1. Liquefied Natural Gas (LNG)

Before you switch on a light in Tokyo, heat your home in Berlin, or run a factory in Shanghai, there is a reasonable chance the energy behind it passed through Hormuz.

Qatar, the world's single largest LNG exporter, sits entirely behind the strait with no alternative exit route. It wasn’t recently that Quarter was able to move towards Hormuz exit after months of stalled shipments.
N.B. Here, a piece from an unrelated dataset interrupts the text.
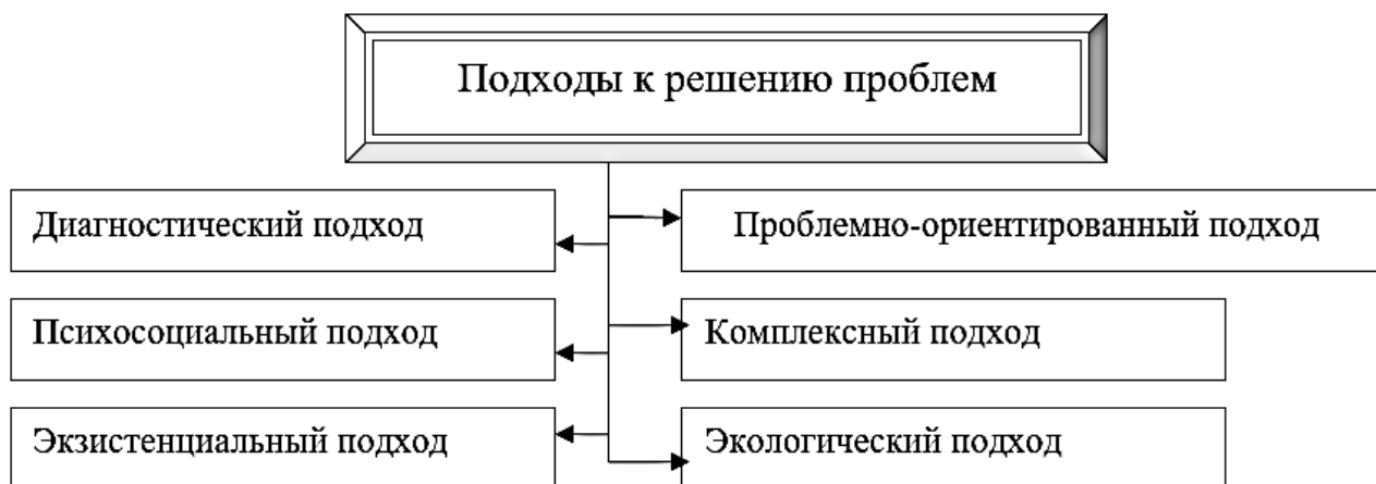
Рис. 3. Основные подходы к решению проблем клиента

Практика решения проблем клиента, полагает Н.П. Щукина, связана с привлечением следующих научных подходов (рис. 3) [4].

Roughly 20 percent of global LNG trade depends on safe passage through Hormuz.

LNG is not just for heating homes. It generates electricity across Asia and Europe at a scale that makes it foundational to modern industrial life.

When the Strait closes, Qatar has nowhere to send it, and has already been forced to declare Force Majeure on its supply contracts, leaving buyers scrambling worldwide.

2. Fertilizer

This one does not get nearly enough attention. The Gulf region is one of the world's dominant producers of the nitrogen-based compounds that keep global agriculture alive.

The region produces nearly half the world's urea and 30 percent of its ammonia, and roughly one-third of all globally traded fertilizer transits the strait.

Image Credit: War In Middle East

Urea and ammonia are not exotic chemicals. They are the reason crop yields are high enough to feed eight billion people. Block Hormuz during spring planting season, as is happening right now, and you are not just disrupting a commodity market.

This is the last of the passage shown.